"Secardeo certRevoke helps to keep your certificate inventory up-to-date, increase security and minimize PKI costs."

Keep your PKI consistent & secure!

• Make credentials of non-existing AD objects unusable.
• Eliminate threats from unauthorized use of orphaned certificates.
• A valid certificate will assure the existence of its subject.
  

Control frequent object changes.

• Employee fluctuation
• User name changes (after marriage)
• Equipment replacement
• Address changes
• Object deactivation

Digital certificates can be revoked before the end of their lifetime. Then the contained public key will no longer be accepted for encryption or authentication. For this, the certificate is put on a certificate revocation list that is signed by the CA or the returned status of an online responder (OCSP) will be “revoked”. However, common phenomenons like employee fluctuation or equipment replacement lead to situations where hundreds or thousands of valid certificates still exist but the contained subject or object has disappeared. Another typical scenario is that attributes of an AD object change. For example the surname and e-mail address of a user after marriage or computer or server network addresses and names.

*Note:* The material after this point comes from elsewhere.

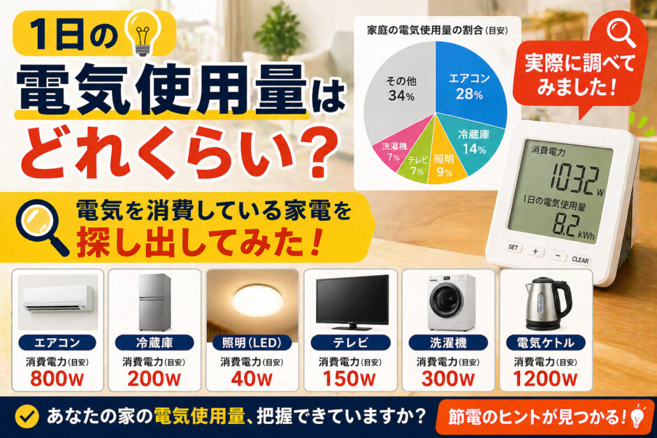 我が家もほぼ同水準でしたが、「どこで電気を使っているか」を把握するまで、なんとなく電気代を払い続けていた状態でした。

Secardeo certRevoke is a Windows service that integrates with Active Directory and monitors the desired AD tree and object types or the members of an AD group for deletions or attribute changes. certRevoke will automatically send a revocation request to the CA that issued a certificate for the detected AD object.

If an Active Directory object is modified or deleted certRevoke sends a revocation request for all its associated certificates to the CA. The object attributes and organizational units which should be monitored can be configured. By this, automatic re-enrollment of certificates will be triggered through group policy, for example in case of name or address changes. certRevoke supports auto-revocation for multiple Windows CAs or certEP instances.